INFORMATION PROVIDED:
"""
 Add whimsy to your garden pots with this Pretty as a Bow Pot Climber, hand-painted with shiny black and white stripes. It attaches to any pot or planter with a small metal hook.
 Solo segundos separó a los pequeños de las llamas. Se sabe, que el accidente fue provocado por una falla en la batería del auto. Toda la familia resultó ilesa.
"""
"""
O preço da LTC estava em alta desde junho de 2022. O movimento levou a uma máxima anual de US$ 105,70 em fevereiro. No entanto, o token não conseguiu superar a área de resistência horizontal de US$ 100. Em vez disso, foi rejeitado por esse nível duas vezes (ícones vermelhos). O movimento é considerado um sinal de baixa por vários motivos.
"""
"""
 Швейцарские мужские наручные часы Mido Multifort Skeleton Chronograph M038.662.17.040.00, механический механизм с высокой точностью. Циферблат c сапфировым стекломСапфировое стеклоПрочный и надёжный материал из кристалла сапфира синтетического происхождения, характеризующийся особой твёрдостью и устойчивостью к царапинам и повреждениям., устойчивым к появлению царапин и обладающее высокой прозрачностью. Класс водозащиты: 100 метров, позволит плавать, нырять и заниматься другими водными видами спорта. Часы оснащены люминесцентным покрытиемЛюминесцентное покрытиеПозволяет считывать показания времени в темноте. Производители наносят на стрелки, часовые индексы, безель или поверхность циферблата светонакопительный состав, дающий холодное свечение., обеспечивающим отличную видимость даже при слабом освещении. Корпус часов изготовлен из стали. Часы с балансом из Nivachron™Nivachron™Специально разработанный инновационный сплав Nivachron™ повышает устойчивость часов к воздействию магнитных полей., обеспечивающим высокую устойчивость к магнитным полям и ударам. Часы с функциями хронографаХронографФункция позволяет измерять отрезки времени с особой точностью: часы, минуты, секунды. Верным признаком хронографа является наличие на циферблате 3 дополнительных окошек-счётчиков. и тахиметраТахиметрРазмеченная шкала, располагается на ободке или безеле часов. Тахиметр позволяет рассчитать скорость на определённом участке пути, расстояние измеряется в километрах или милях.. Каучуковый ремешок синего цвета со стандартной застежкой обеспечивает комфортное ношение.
"""
INSTRUCTIONS FOR THE TASK:
From the records above, extract exactly and only the lines that begin at the line with "Add whimsy to" and stop after the line with "Solo segundos separó".

TASK RESULT:
 Add whimsy to your garden pots with this Pretty as a Bow Pot Climber, hand-painted with shiny black and white stripes. It attaches to any pot or planter with a small metal hook.
 Solo segundos separó a los pequeños de las llamas. Se sabe, que el accidente fue provocado por una falla en la batería del auto. Toda la familia resultó ilesa.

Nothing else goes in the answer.